Since the npx reset patch and rebuilding everything, I
have not had a single crash, panic, or lockup --not even
Mozilla. Personally, I think 5.0 should require new
binaries; BUT, tell that to third party vendors and they
will write off FreeBSD, particularly those that only
ship binaries.
As to .so.x numbers being equal in lib and lib/compat,
perhaps ld-elf.so.1/rtld can be made smart enough to
decide whether or not the file is a compat linked file?

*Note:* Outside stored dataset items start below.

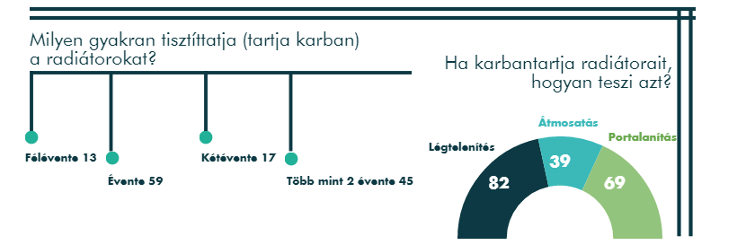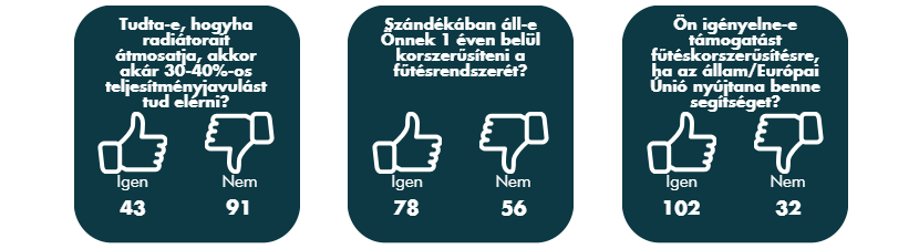 A válaszadók döntő többsége nem tudta, hogy a radiátorokat ill. a fűtési rendszert át lehet mosatni megfelelő géppel. Szerelők számára szaküzletek biztosítják az ilyen gép bérlését, de vannak olyan vállalkozások melyek erre álltak fel.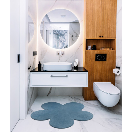 Kab. Covor modern lavabil SHAPE 3106 Flower shaggy - pluș albastru, antiderapant 80x80 cm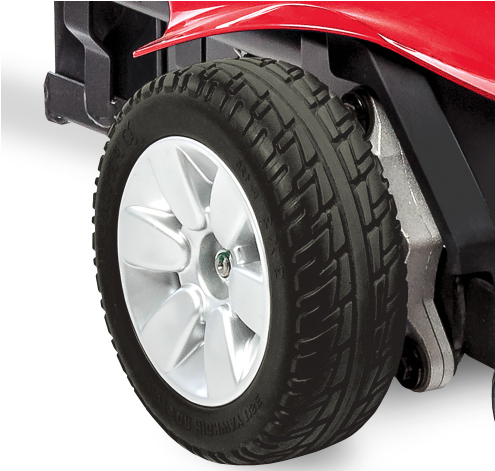The in-line, front-wheel drive technology provides tight turns around corners for optimal indoor maneuverability in small spaces and large front wheels for extra absorption over obstacles.
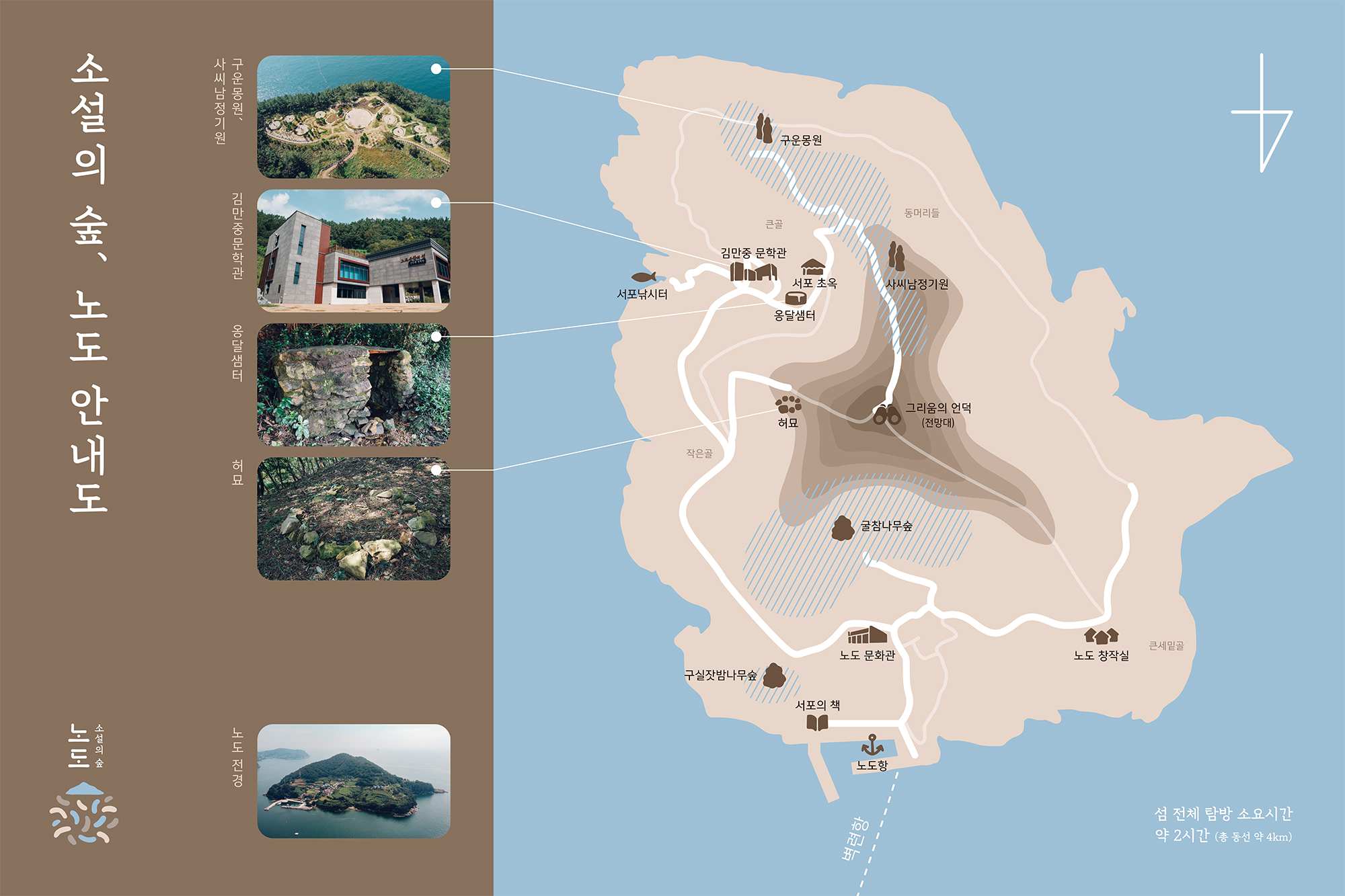 서포 김만중의 삶과 문학세계를 주제로 조성한 문학의 섬 노도를 매력적으로 어필할 수 있는 슬로건, 스토리, 로고, 사이니지, 시각물 디자인을 제안했습니다. 벽련항에서 보는 섬의 모양과 섬 이름의 유래이기도 한 상수리나무 열매의 형태는 로고의 모티브가 되었습니다. 자유롭게 뻗어나가는 밝은 색상의 곡선으로 이루어진 깍지 부분은 어우러져 살아가는 동식물과 인간의 생명력, 노도에서 펼쳐지는 소설과 이야기의 생명력을 드러냅니다.

Sent: Sat, 09 Nov 2002 14:09:19 -0800 by Terry Lambert:
+ Doug Rabson wrote:
+ > The kernel ABI is hopeless. It changes almost daily :-(. At one time, I
+ > thought I could change this but these days, I don't think anyone except
+ > me cares about having a stable ABI in the kernel.
+
+ I care. It's almost the most important thing to be able to
+ build anything of value.
+
+ But a stable API is required for a stable ABI. It does
+ absolutely no good to build a cathedral, if, by the time you
+ are done, the roads have moved so that there is no road
+ which leads to it.
+
+ The next most important thing is to document it, so that
+ people can use it. "All coordinates are expressed in
+ logitude and lattitute. North is that way. No cows are
+ permitted in the city limits. All cats and dogs which are
+ uncollared and tagged will be captured and spayed and
+ neutered".
+
+ If you can't agree on a coordinate system ("OLDCARD?
+ NEWCARD? REDCARD? BLUECARD?"), then at least agree to get
+ rid of data interfaces; today, people are adding to them
+ with sysctl exposured of structs, as if it's not going to be
+ a problem. It's a problem. It's one thing to say "The
+ cathedral is a about a mile yonder of of Johnson's barn,
+ just down the road a piece from Smithy, which is about a
+ league yonder, and then follow the creek for a spell", and
+ something else entirely to say "The cathedral is at 117 East
+ 32st street; this is 12421 West 1st street".